Everything from the line that contains "มาดูทางเข้าด้านหน้าถนนกันต่อ ตรงเข้ามาจากหน้าปากซอยประมาณ 750" to the final line of the data, both ends included, must be set down exactly, apart from the pictures.
BEGIN DATASET EXCERPT
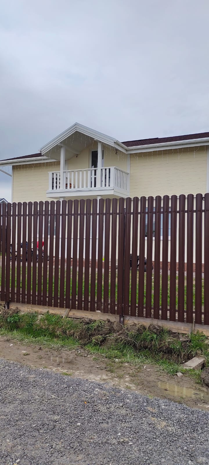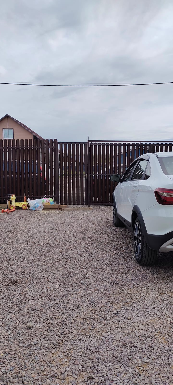Два парковочных места, отсыпаны щебнем. Забор с калиткой и распашными воротами.
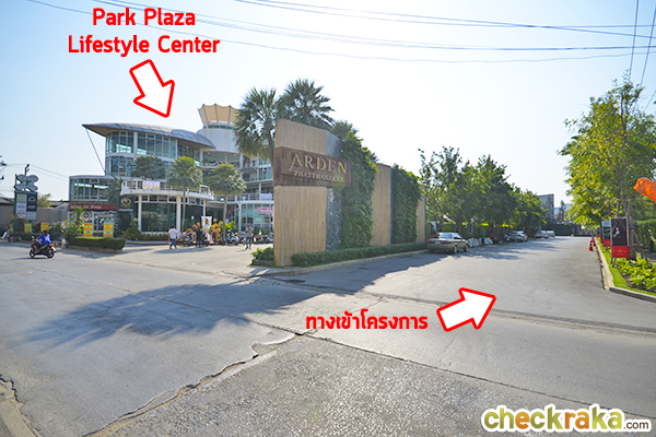 มาดูทางเข้าด้านหน้าถนนกันต่อ ตรงเข้ามาจากหน้าปากซอยประมาณ 750 ม. จะเห็นป้ายชื่อ "อาร์เด้น พัฒนาการ"
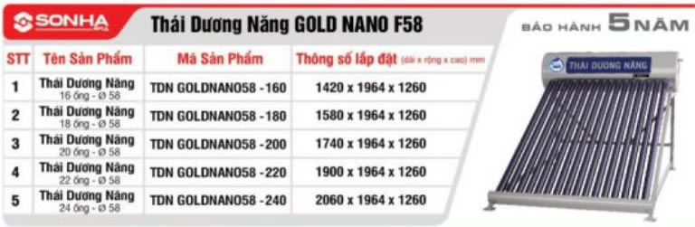 Thông số kỷ thuật Máy nước nóng năng lượng mặt trời Sơn Hà Gold Nano
END DATASET EXCERPT
RESULT
 มาดูทางเข้าด้านหน้าถนนกันต่อ ตรงเข้ามาจากหน้าปากซอยประมาณ 750 ม. จะเห็นป้ายชื่อ "อาร์เด้น พัฒนาการ"
 Thông số kỷ thuật Máy nước nóng năng lượng mặt trời Sơn Hà Gold Nano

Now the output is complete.